Радиоприёмник. (Диктор) А у нас сегодня в гостях удивительный человек! Единственный, кому удалось победить камчатку, лекарство от которой на сегодняшний день так и не найдено. Василий Андреевич, скажите, как вам удалось победить вирус? (Качалов) Должен признаться, чудесным исцелением я обязан выдающемуся врачу, о котором широкая общественность, к сожалению, до сих пор не знает, доктору Синкевичу. (Диктор) Это он вылечил вас от камчатки? (Качалов) Да, именно ему я обязан жизнью. (Диктор) Но на сегодняшний день вы единственный, кому удалось вылечиться от вируса. Скажите, почему мы не знаем о других исцелённых пациентах доктора, как вы сказали? (Качалов) Синкевича. (Диктор) Доктора Синкевича. (Качалов) Их нет. Я единственный, кого доктору Синкевичу удалось вылечить. (Диктор) То есть, вы хотите сказать, что доктор Синкевич знает как вылечить камчатку, но намеренно об этом молчит. Как вы думаете, чего он хочет? Может быть, продать секретное лекарство за большие деньги? (Качалов) Нет, что вы?! Не думаю, что доктор Синкевич из такого рода врачей. Для него куда важнее здоровье пациента, нежели деньги. (Диктор) Именно поэтому он намеренно держит секрет излечения в секрете, и на сегодняшний день вы единственный, кого он вылечил? Интересно, а доктор Синкевич знает, сколько людей ежедневно умирает от камчатки? (Качалов) Десять тысяч. (Диктор) Тридцать тысяч! Каждый день! И ваш доктор Синкевич продолжает держать чудо-лекарство в тайне, каждый день слушая по радио, сколько человек умирает от вируса. Да он самый настоящий маньяк. (Качалов) Нет! Что вы такое говорите? (Диктор) Это из-за маньяка доктора Синкевича каждый день умирают десятки тысяч людей! (Качалов) Нет, подождите! (Диктор) Я призываю общественность найти этого самого доктора Синкевича и приготовить к суду! (Качалов) Стойте! Нет! (Диктор) Судить маньяка!

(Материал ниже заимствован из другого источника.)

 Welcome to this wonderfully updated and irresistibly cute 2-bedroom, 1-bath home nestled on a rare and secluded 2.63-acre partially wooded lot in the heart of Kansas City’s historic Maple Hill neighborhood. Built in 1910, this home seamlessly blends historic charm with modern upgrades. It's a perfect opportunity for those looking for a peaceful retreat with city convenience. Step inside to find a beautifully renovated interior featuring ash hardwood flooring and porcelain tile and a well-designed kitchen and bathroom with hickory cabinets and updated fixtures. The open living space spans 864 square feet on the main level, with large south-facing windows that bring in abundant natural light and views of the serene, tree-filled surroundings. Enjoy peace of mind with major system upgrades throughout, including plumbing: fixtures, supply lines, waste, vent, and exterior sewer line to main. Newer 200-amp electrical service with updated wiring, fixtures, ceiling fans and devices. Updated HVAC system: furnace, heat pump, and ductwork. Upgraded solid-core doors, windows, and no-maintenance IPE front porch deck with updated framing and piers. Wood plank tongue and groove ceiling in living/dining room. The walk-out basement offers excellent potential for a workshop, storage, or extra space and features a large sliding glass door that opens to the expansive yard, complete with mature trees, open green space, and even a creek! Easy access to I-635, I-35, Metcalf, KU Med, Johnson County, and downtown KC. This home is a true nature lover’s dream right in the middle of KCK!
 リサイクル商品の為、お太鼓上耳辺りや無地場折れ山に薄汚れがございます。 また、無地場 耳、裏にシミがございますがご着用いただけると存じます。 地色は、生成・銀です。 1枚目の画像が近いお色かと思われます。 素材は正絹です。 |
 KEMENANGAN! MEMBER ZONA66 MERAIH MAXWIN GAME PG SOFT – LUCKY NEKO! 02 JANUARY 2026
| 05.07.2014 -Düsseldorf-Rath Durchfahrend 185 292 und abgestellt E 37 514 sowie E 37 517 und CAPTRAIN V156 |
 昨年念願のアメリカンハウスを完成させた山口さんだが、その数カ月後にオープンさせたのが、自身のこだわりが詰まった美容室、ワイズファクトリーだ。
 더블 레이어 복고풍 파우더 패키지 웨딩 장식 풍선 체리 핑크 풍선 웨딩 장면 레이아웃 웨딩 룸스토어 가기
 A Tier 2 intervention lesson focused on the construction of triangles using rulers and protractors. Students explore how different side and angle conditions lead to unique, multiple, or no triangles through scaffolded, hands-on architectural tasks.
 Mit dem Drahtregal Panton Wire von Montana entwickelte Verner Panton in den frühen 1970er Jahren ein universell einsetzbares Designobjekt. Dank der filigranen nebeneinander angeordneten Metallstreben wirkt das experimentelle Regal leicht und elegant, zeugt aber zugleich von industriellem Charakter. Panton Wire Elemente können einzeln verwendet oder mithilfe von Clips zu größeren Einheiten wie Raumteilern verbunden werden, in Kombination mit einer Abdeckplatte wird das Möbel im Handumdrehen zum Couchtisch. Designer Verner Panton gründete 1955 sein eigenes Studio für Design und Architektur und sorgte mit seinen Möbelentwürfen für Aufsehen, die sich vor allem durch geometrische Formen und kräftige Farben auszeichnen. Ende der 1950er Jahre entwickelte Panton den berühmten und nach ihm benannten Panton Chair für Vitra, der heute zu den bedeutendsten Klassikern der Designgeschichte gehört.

Синкевич истерически кричит и выключает радиоприёмник. Свет на сцене гаснет.

Эпизод второй

Свет на сцене загорается. За столом сидят Синкевич и Качалов.


Синкевич. Всё это походит на злую шутку. Бог решил посмеяться надо мной. Впервые я набрался смелости сказать пациенту правду и достойно принять смерть. И этот пациент стал первым, кто вылечился от смертельного вируса.

Качалов. И всё благодаря вам, доктор Синкевич. Спасибо вам!

Синкевич. Чем планируете заняться дальше, Василий Андреевич?

Качалов. Знаете, я всегда мечтал играть в театре.

Синкевич. Да что вы?

Качалов. Удивительное дело! Столько раз я водил учеников в театр. Смотрел на сцену и представлял там себя. На следующий день на уроке ребята рассказывали, кто из актёров им понравился. А я представлял, как они говорят обо мне. Как гордятся видеть своего учителя на сцене. (Закрывает глаза.)

Радиоприёмник. (Детские голоса) Василий Андреевич, браво! Вы были невероятны! Василий Андреевич, когда следующий спектакль? Василий Андреевич, это я кричала вам из зала! А я хотела подарить вам цветы, но мама их не купила. Василий Андреевич, давайте сфотографируемся! Василий Андреевич! Василий Андреевич! Василий Андреевич! (Диктор) А на сцене народный артист, Василий Андреевич Качалов! (Аплодисменты.)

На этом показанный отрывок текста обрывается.